When reading this poem, a believer might initially be reminded of our Lord’s passionate prayer in the Garden of Gethsemane, just hours before His arrest and crucifixion. Like Jesus, Bonhoeffer is alone in his agony and abandoned by his people. With his prayers for release not granted, he sees that it may be God’s will that the cup of suffering be drunk to its dregs.
Significantly, the poem is bookended with the phrase, “with every power of good” — to “stay and guide” in the first stanza, and to “aid and attend” in the last. It is hard to imagine living under the powers of evil at work in Germany during that time, much less to be physically imprisoned by them. In the second stanza, Bonhoeffer mentions torment, sorrow, and chastening. Further on, he writes of grieving, pain, and darkness. As more of the Nazi’s atrocities were uncovered, these words hardly seem adequate to describe every evil power at work in the world during that time. One must ask if there were any powers of good left, much less every.
Nevertheless, Bonhoeffer writes that “every power of good” attended him in his own affliction, recalling the angels that comforted our Lord. The poem communicates that these powers were stronger, for they strengthened him to move beyond all fear. Indeed, they gave him hope beyond human comprehension: “Boldly, we’ll face the future, come what may. / At even and at morn God will befriend us[.]”

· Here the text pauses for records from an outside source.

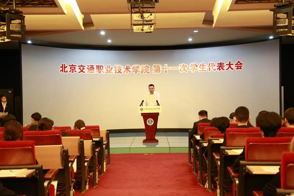 本次会议邀请到了学院党委副书记、副院长李大泳老师为本次学代会致辞并代表学院党委讲话。他向大会的成功召开表示热烈的祝贺,向同学们致以诚挚的问候和美好的祝愿。他高度评价过去一年中学生会的各项工作。他充分肯定了学生会过去一年引领全校青年思想进步、服务学生成长成才、有序参与校园治理等方面付出的努力和取得的成效。并与同学们分享了四点希望:一是希望大家筑牢理想信念,加强青年学生思想政治引领和价值引领,坚持不懈用习近平新时代中国特色社会主义思想武装青年,真理之光点亮青春之路,让理想成为指引交通学院青年成长进步的灯塔,在强国建设民族复兴新征程上唱响青春之歌;二是希望大家强化使命担当,落实好职业教育的使命和责任。要牢记大国工匠精神,秉承“至艺立人”的校训,肩负起“科技兴路,交通强国”的时代责任;三是希望大家练就过硬本领,在实践中接受锻炼、磨练意志,培养价值观和劳动品质,完善精神面貌,锻炼实践能力,提升综合素质,在中国式现代化建设中砥砺青春担当。四是希望大家勇于开创未来,要敢于打破常规,勇于突破传统思维的束缚,以创新的思路和方法解决问题。在困难和挑战面前不屈不挠,以敢于作为的姿态,书写奋斗的篇章。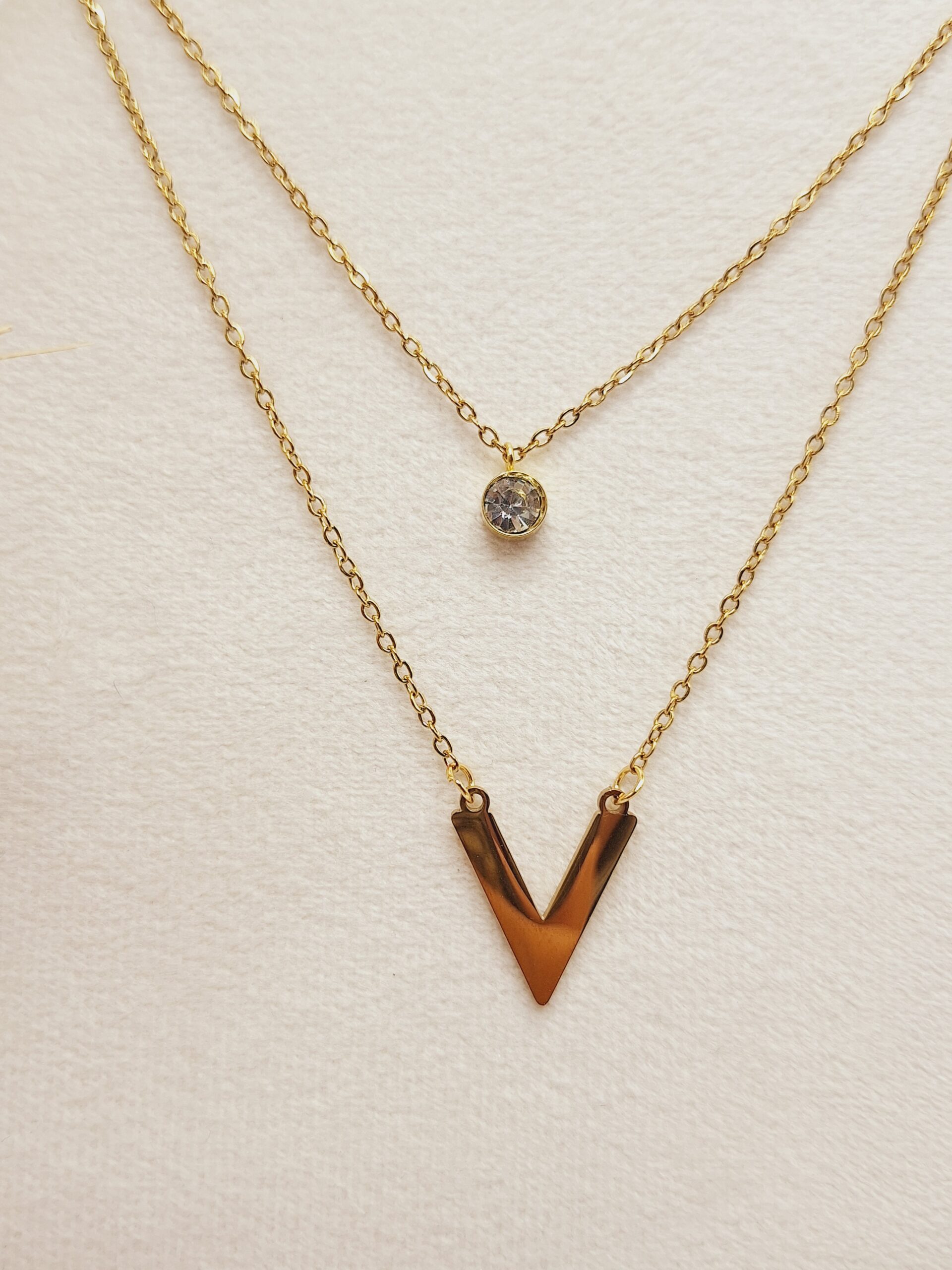 اگر به دنبال ست زیورآلات مدرن و مینیمال با طراحی V و رنگ طلایی هستید، ست گوشواره و گردنبند طرح V طلایی استیل بهترین انتخاب شماست 🌿💖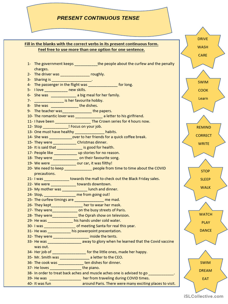 Fill in the blanks with the correct verbs in its present continuous form.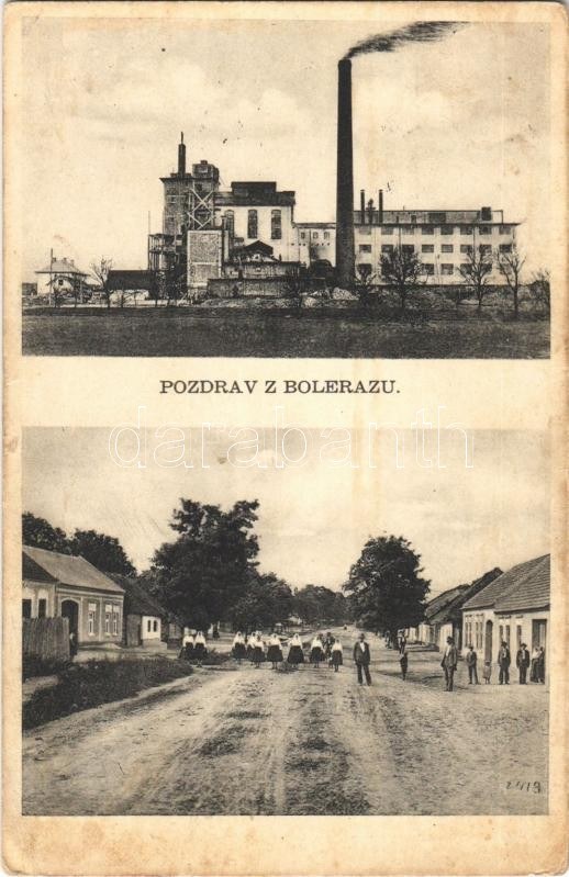 1935 Bélaház, Boleráz; Fő utca, kukoricakeményítő gyár / main street, cornstarch factory (fl...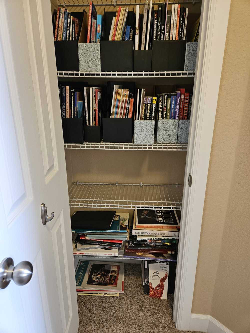 This sale has MANY TREASURES including beautiful home decor and furniture including a sofa, coffee tables, end tables and a TV stand. Various sized Quilts! SHELVES of various sizes. Kitchen and bake ware, garage goods, smalls/collectibles, computer monitors, office and art supplies. ARTWORK. Books and clothing. Design and artwork software. Electronics and SO MUCH MORE! Everything pictured is available.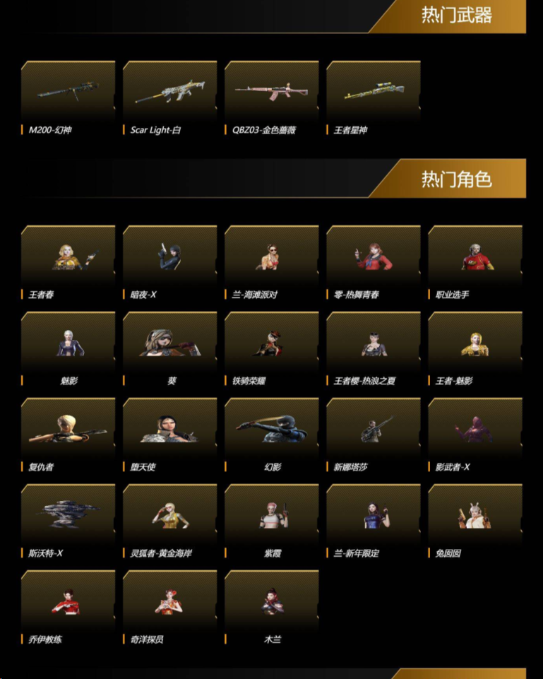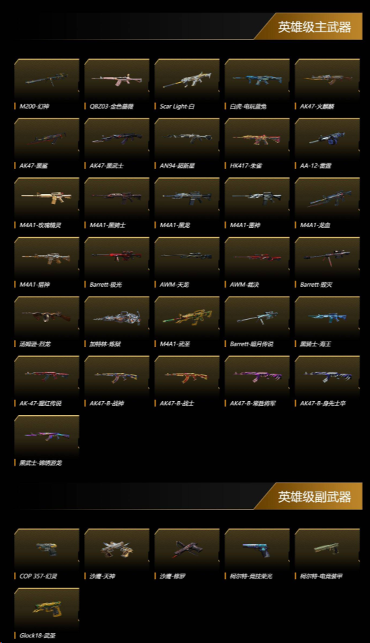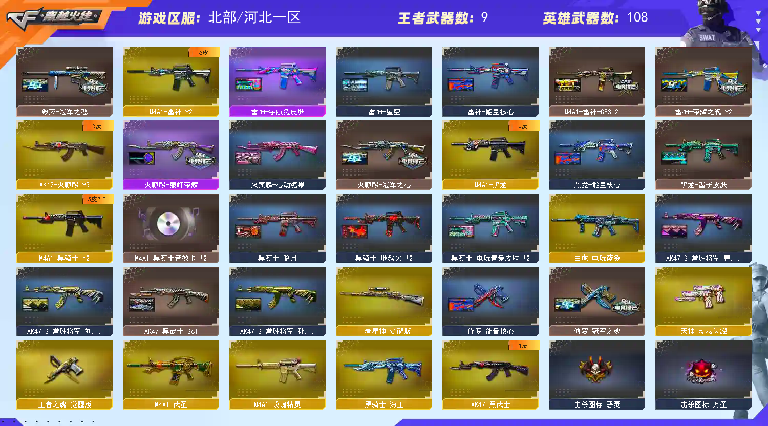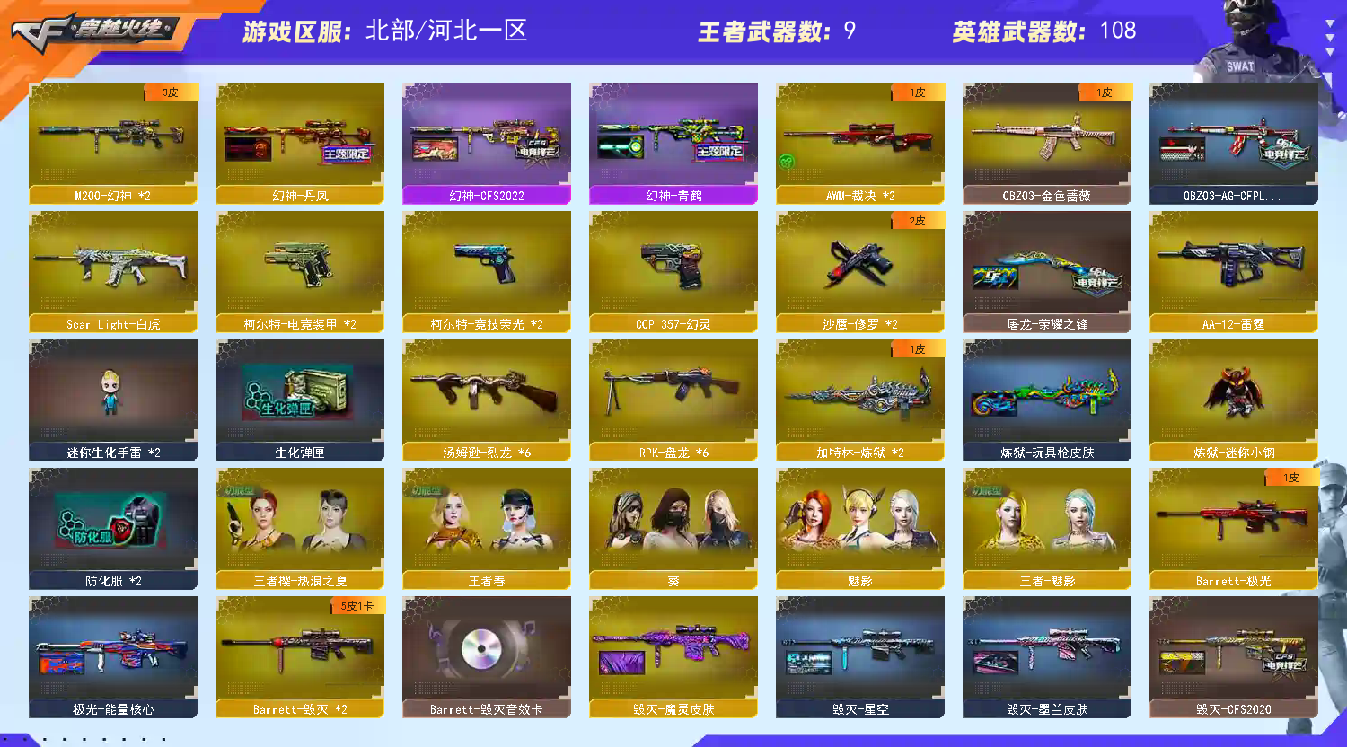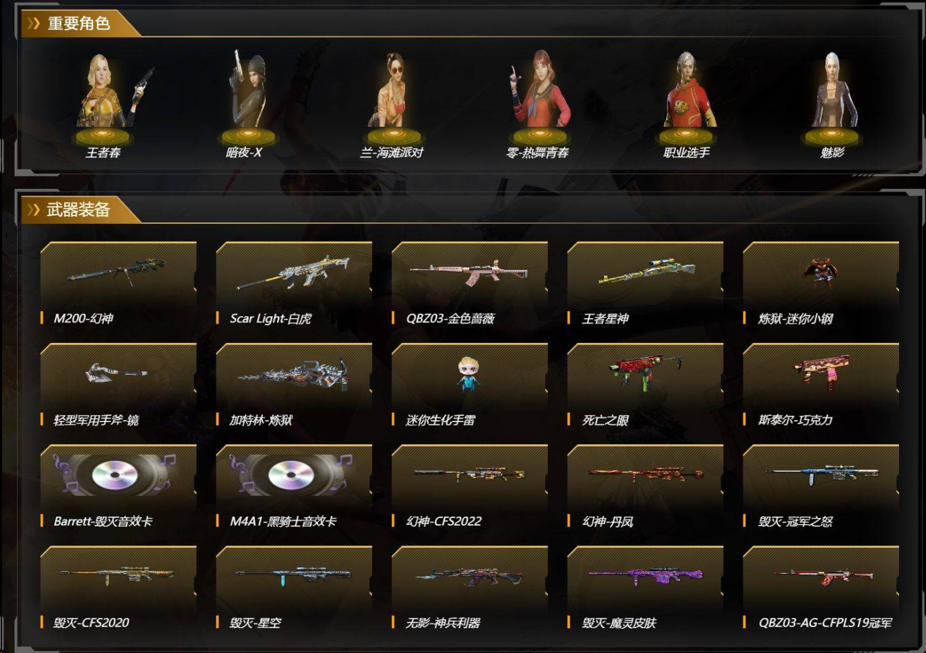 【武圣套/6烈龙/6盘龙】【M200-幻神/幻神-CFS2022/幻神-丹凤/幻神-青鹤】【王者星神】【柯尔特-竞技荣光*2】【Scar Light-白虎】【QBZ03-金色蔷薇/QBZ03-AG-CFPLS19冠军】【M4A1-雷神*2/雷神-荣耀之魄*2/M4A1-雷神-白鲨皮肤/M4A1-雷神-CFS 2019/雷神-宇航兔皮肤/雷神-星空/雷神-能量核心】【柯尔特-电竞装甲*2/Glock18-武圣/COP 357-幻灵】【Barrett-毁灭*2/Barrett-毁灭音效卡/毁灭-冠军之怒/毁灭-CFS2020/毁灭-星空/毁灭-魔灵皮肤】【AK47-火麒麟*3/火麒麟-巅峰荣耀/火麒麟-冠军之心/火麒麟-CFSTAR/火麒麟-心动糖果】【M4A1-黑骑士*2/M4A1-黑骑士音效卡*2/黑骑士-海王/黑骑士-地狱火*2/黑骑士-电玩青兔皮肤*2】【M4A1-黑龙/黑龙-墨子皮肤/黑龙-能量核心】【HK417-朱雀】【无影-神兵利器】【AK47-黑武士/黑武士-锦绣游龙/AK47-黑武士-361】【AWM-天龙/天龙-CFSTAR/AWM-天龙-传奇70KG/AWM-天龙-传奇白鲨/天龙-秘银】【Barrett-极光/极光-能量核心】【AWM-裁决*2】【汤姆逊-烈龙*6】【RPK-盘龙*6】【加特林-炼狱*2】【死亡之眼/迷你生化手雷*2】【沙鹰-修罗*2/修罗-CFSTAR/修罗-冠军之魂/修罗-能量核心】【沙鹰-天神/天神-动感闪耀】【麒麟刺*2】【擎天】【屠龙*4/屠龙-荣耀之锋/屠龙-动感闪耀/屠龙-秘银】【龙啸*3】【职业选手/王者春/王者-魅影/王者樱-热浪之夏/魅影/暗夜-X/兰-海滩派对/零-热舞青春/木兰/奇洋探员/乔伊教练/兔囡囡/兰-新年限定/紫霞/灵狐者-黄金海岸/斯沃特-X/影武者-X/铁骑荣耀/新娜塔莎/幻影/堕天使/复仇者】【M4A1-玫瑰精灵/M4A1-龙血/M4A1-猎神/M4A1-武圣】【白虎-电玩蓝兔/AK47-B-常胜将军/AK47-B-身先士卒/AK47-B-战士*2/AK47-B-战神/AK-47-猩红传说*6】【AA-12-雷霆/AK47-黑鲨】【AN94-超新星/超新星-悦享】【Barrett-暗月传说*2】【Colt 1911-大黄蜂/新USP-枪王排位奖励*4】【斩魔刀/斩神刀*2/金刚伞-电玩红兔/迷你深渊冰龙】【激光毁灭者III/冰龙粉碎者-白马银枪】【炼狱-迷你小钢/斯泰尔-巧克力/轻型军用手斧-镜】【COP-旗袍/天龙-曼陀罗】【王者之影/王者炎心/王者之魂/王者之锋/王者之啸】【高爆手雷-竞技荣光*2/闪光弹-竞技荣光/烟雾弹-竞技荣光】【烟雾弹-云龙】【高爆手雷-堕天神/闪光弹-堕天神/烟雾弹-堕天神】【高爆手雷-神工天巧/闪光弹-神工天巧/烟雾弹-神工天巧】【高爆手雷-幻灵*3/闪光弹-幻灵*2/烟雾弹-幻灵*4】【闪光弹-电竞装甲/烟雾弹-电竞装甲】【手雷-热带奇洋】【炫金雷神/炫金毁灭/炫金修罗】【绝迹语音包】【透明头盔/透明护目镜/闪光护目镜/超级背包/防弹头盔*2/防弹衣*2/C4工具钳/手雷包/防化服*2】;RPK-盘龙,QBZ03-金色蔷薇,M200-幻神,Scar Light-白虎,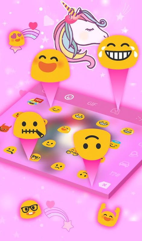This stylish keyboard will also turn a plain keyboard into a pretty and unique one. Your keyboard looks totally different with this colorful keyboard. Download this keyboard theme and try it out! Pink unicorn keyboard theme only works with Touchpal keyboard installed on your phone.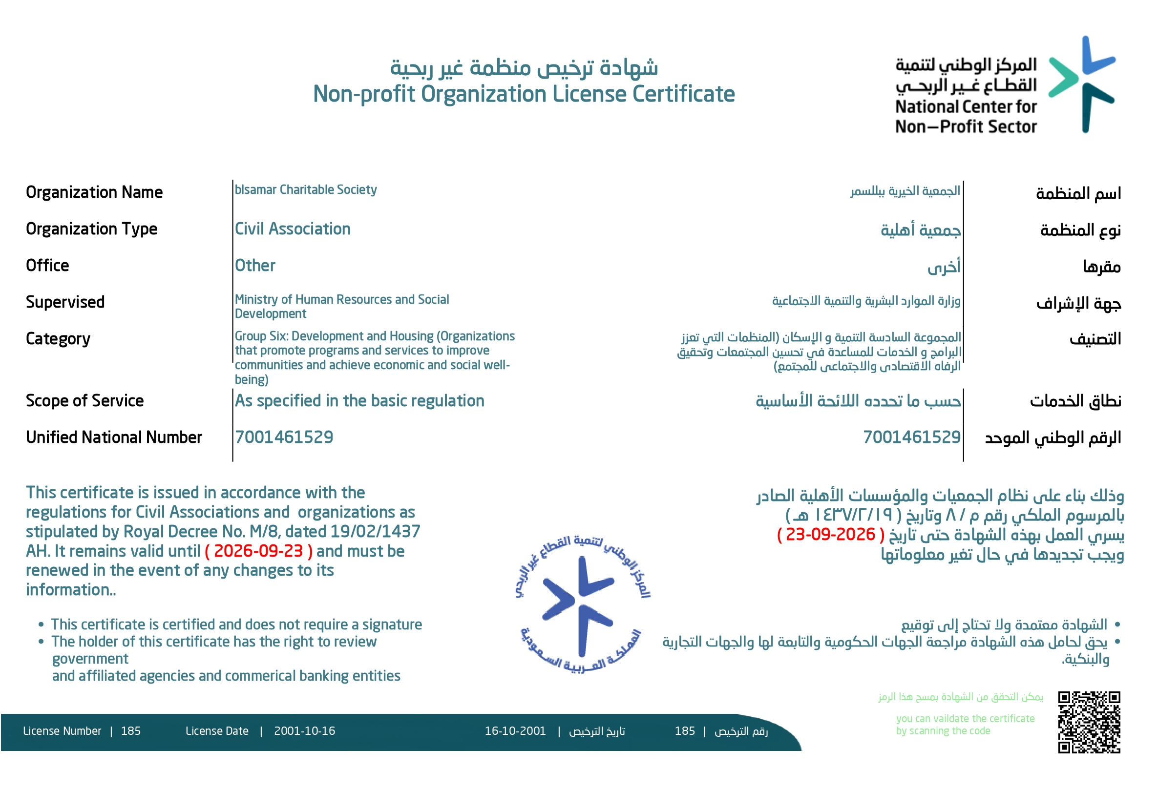 شهادة تسجيل الجمعية

In the early hours of morning, four months after this poem was penned, Bonhoeffer would be stripped naked and hanged — without trial and with no evidence against him. Yet, all around him, the powers of evil were collapsing. Two weeks later, the camp at which he was imprisoned would be freed by Allied soldiers.
The next to last stanza speaks of a deepening silence, suggesting the utter loneliness of seemingly unanswered prayer. One cannot help but think of our Lord’s cry of dereliction from the Cross. Yet even here, even in this moment when God Himself seems furthest away, Bonhoeffer asks God to grant the ability to hear His children’s voices praising Him through the silence. How strangely prophetic that Bonhoeffer asks this, as his own voice from within the dimmest isolation of a prison cell still speaks to us today!
Through the “powers of good” that attended him in his last days, Bonhoeffer’s poem joins those of other blessed martyrs whose “voices raise / From all the unseen world around us darkening/ Their universal paean, in thy praise.” As fellow children of God, in Bonhoeffer’s testimony, we can find comfort to aid and attend us through our own dark days. It is indeed beautiful that his poem becomes a part of the immeasurable “powers of good” that will stay and guide us.
—Rebekah Valerius earned a B.S. in Biochemistry from the University of Texas at Arlington and an MA in Apologetics from Houston Christian University. Her academic interests include the works of G.K. Chesterton, philosophical and literary apologetics, and the philosophy of science. She has written for Christian Research Journal, An Unexpected Journal, and The Worldview Bulletin. She teaches biology and chemistry at a classical Christian school in the Dallas area.
[1] Eberhard Bethge, Dietrich Bonhoeffer: A Biography, revised edition, translated and edited by Victoria J. Barnett (Minneapolis: Fortress Press, 2000), 655.